Exercise aim: Reproduce the listing exactly. Omit pictures.

Recorded information:
::::

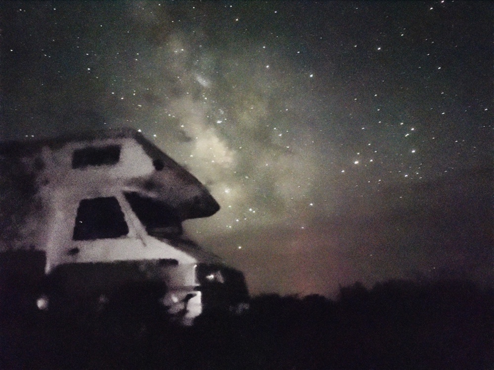 À la faveur d’une insomnie, je profite de l’absence de pollution lumineuse pour faire quelques clichés. Le réveil va être rude….
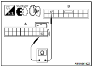 2. Check continuity between blower motor harness connector M31 (A) terminal 3 and front air control harness connector M37 (B) terminal 1.
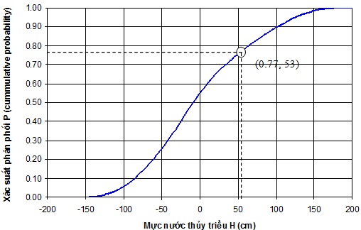 Hình 5. Đường phân phối xác suất tích lũy thực nghiệm của mực nước thủy triều 19 năm tại 1 điểm tính
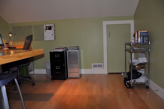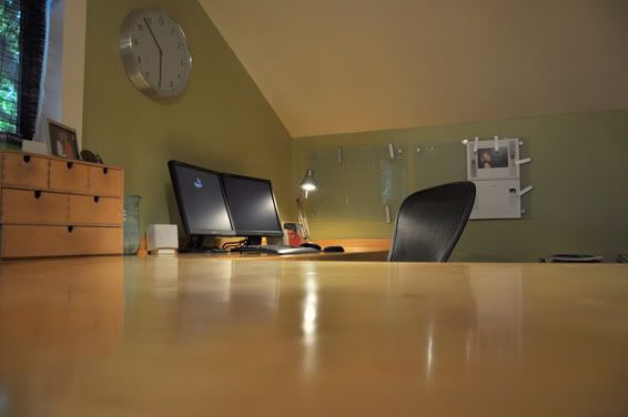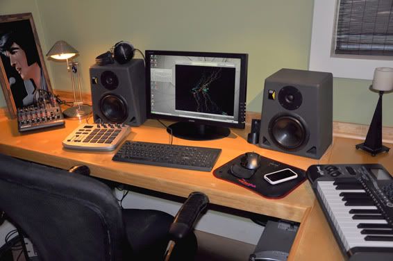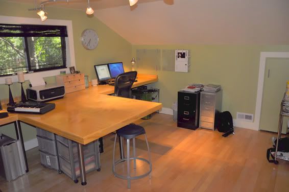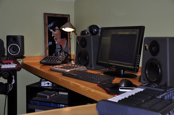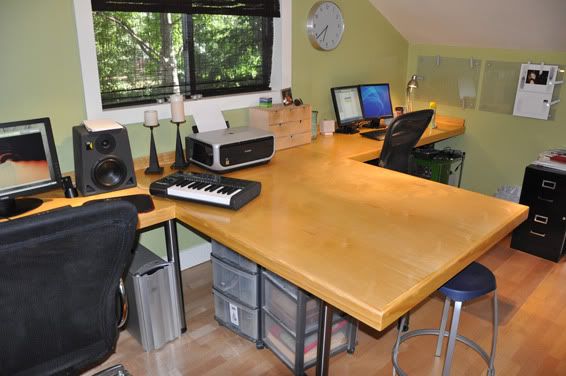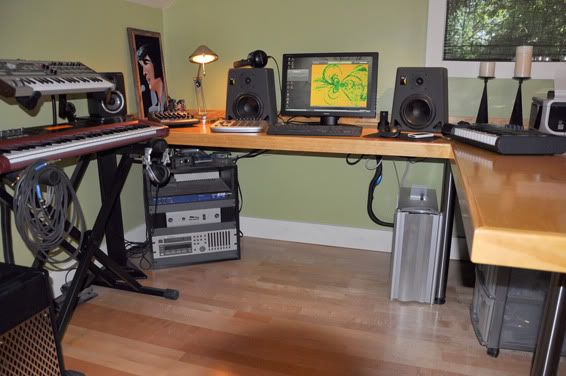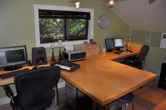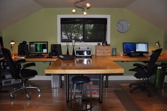 "This is the product of a remodel job I did in my home, replaced window, installed a new Maple floor, baseboards and rim, put in a reeded glass door and custom built in the desk. I couldn't find a desk that served my purposes so I just built one into the space. I custom ordered the legs and the rest was taken care of with a few trips to home depot. I really wanted the separation between "work" space and "creative" space... And with all this audio equipment, I didn't want to overcrowd myself when I was paying bills, working from home, or anything like that. It's really a good "his & her's" setup, but I took both sides for myself. The ceiling is only 4' high on either side, but the paint scheme and the configuration makes good use of the limiting height. I took this into consideration that I had to keep the middle area open to access the desks."
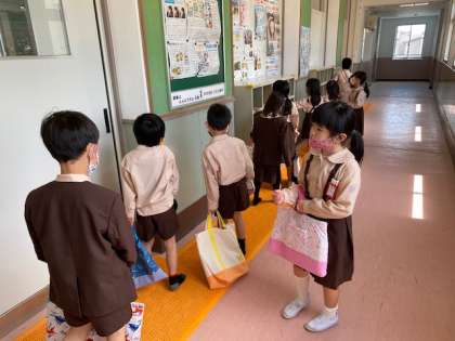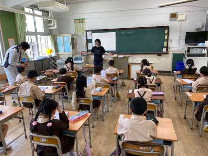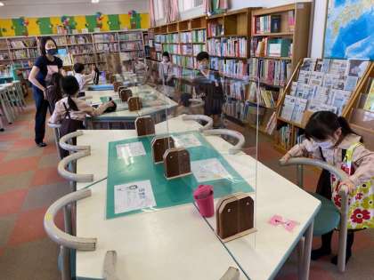 1年生1・2組の授業のようすです。1組は算数で、「なんばんめ」の学習をしています。2組は図書館で本を借りています。

::::

Your response:
 À la faveur d’une insomnie, je profite de l’absence de pollution lumineuse pour faire quelques clichés. Le réveil va être rude….
 2. Check continuity between blower motor harness connector M31 (A) terminal 3 and front air control harness connector M37 (B) terminal 1.
 Hình 5. Đường phân phối xác suất tích lũy thực nghiệm của mực nước thủy triều 19 năm tại 1 điểm tính
 "This is the product of a remodel job I did in my home, replaced window, installed a new Maple floor, baseboards and rim, put in a reeded glass door and custom built in the desk. I couldn't find a desk that served my purposes so I just built one into the space. I custom ordered the legs and the rest was taken care of with a few trips to home depot. I really wanted the separation between "work" space and "creative" space... And with all this audio equipment, I didn't want to overcrowd myself when I was paying bills, working from home, or anything like that. It's really a good "his & her's" setup, but I took both sides for myself. The ceiling is only 4' high on either side, but the paint scheme and the configuration makes good use of the limiting height. I took this into consideration that I had to keep the middle area open to access the desks."
 1年生1・2組の授業のようすです。1組は算数で、「なんばんめ」の学習をしています。2組は図書館で本を借りています。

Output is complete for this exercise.